Yahel regularly features blog posts written by current participants in the Yahel Social Change Program.This week’s blog post comes from Rachel Cherrick. The group has recently been tackling issues related to the Israeli-Palestinian conflict and has heard many different narratives that come out of this topic. The next few participants posts are dedicated to the different responses to this topic. The views in this post belong to the author.

When I was in Israel in eighth grade with my Jewish Day School, I remember that as the siren sounded on Yom Hazikaron, Israel’s Memorial Day, we got off our tour bus and stood in silence on the side of the highway alongside dozens of other Israelis, in memory of all those that had sacrificed their lives for this country. This year on Yom Hazikaron, I also stood alongside the highway in silence as the sirens rang throughout the country, but this time I did not stand to only honor the Jewish Israelis who have fallen soldiers and victims of terror who died, but also those who most Israelis forget to remember on this day.

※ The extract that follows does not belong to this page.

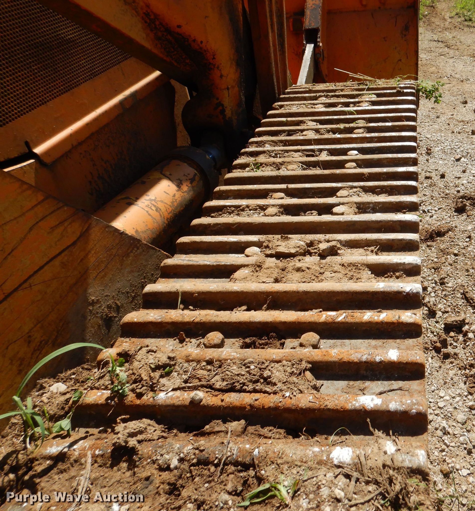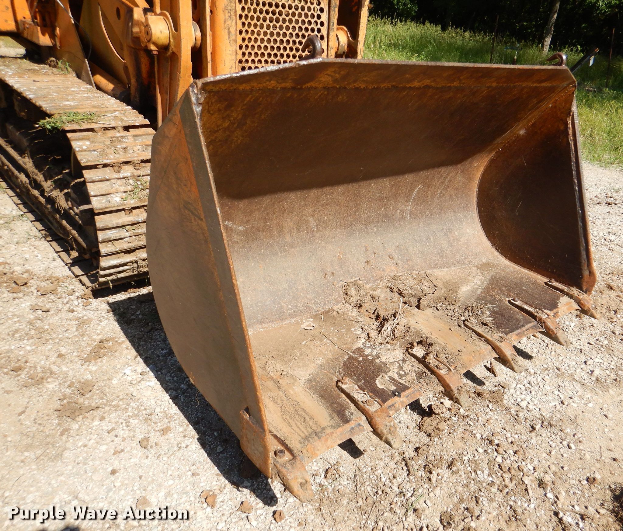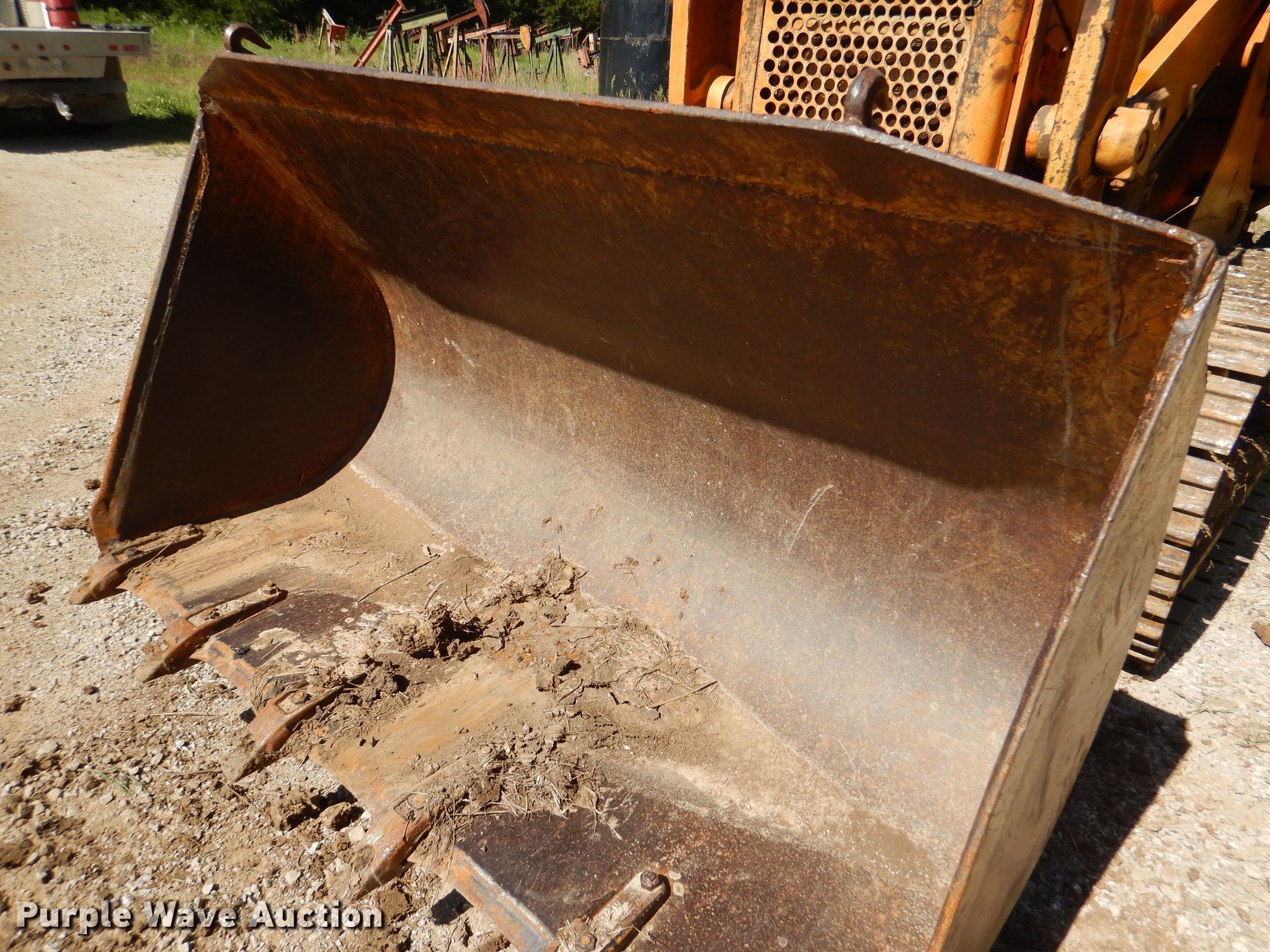 1985 International 100E track loader. 890 hours on meter, Serial: 4490014U009503. Engine International, Cylinders: 4, Fuel type: Diesel. Transmission Powershift, 3F - 3R. Operators station OROPS. Operational Bucket Width: 67", Cutting edge: Weld-on, Teeth: 6. Tracks Width: 13", Grouser pads: Triple. Bobcat Oilfield Service Inc.. Wellsville, KS 66092

While I understand the importance of having a day to commemorate Israelis who have died in the name of Israel, Yom Hazikaron more than any other day reminds me of the pain and suffering that so many Palestinians have also endured as a result of this struggle. The bereavement of losing a loved one transcends beyond borders and walls separating Palestine and Israel; it is something that no one would ever wish upon another human. This past week our group watched a powerful documentary called Encounter Point that follows the efforts of several everyday Palestinian and Israeli leaders, working to promote a nonviolent end to the conflict. Two of the actors include a bereaved Israeli mother and a wounded Palestinian bereaved brother. Both use their grief and anger surrounding the Israeli-Palestinian conflict to recognize each other’s pain as a way to try to reach a mutual understanding of the other’s situation through dialogue and meetings. It is important that both the Israelis and Palestinians see that each side has lost loved ones and that more importantly, such a trauma should not deter each side from trying to find a peaceful solution. One of the first steps to coping with this grief is to give space for Israelis to share their pain with Palestinians and vice versa, thus helping to slowly break down the walls the Israel continues to build around its borders and build bridges to restore the face of humanity to this struggle.

Yom Hazikaron Ceremony at Tichon Ezori where I teach English

While we have spent much time on Yahel these past few weeks exploring the meanings and roots behind various Israeli and Palestinian narratives, I recognize more and more the damaging effects of this internalized national trauma on both Palestinians and Israelis. This past week, our group took a trip to the West Bank where we met with several different Palestinian non-violent peace activists. We heard from Daoud Nassar, the founder of Tent of Nations, a Palestinian farm that promotes non-violent peace building. He spoke about the organization’s newfound form of resistance by refusing to be the enemy of the Israeli. What can come from blaming the other side? Only more hatred and bitterness. Traumatic experiences have a tendency to foster hatred toward the other side or those who seemingly caused the trauma. But traumatic experiences also have the potential of fostering mutual understanding among the Israelis and Palestinians.

So this year on Yom Hazikaron, rather than standing just to commemorate the Israeli fallen soldiers and terror victims, I also stood to honor the individuals that participate in the reconciliation processes. I stood to honor the individuals that work to bring about understanding and compassion among Palestinians and Israelis and who continue to work in spite of and as a result of their own grief and suffering.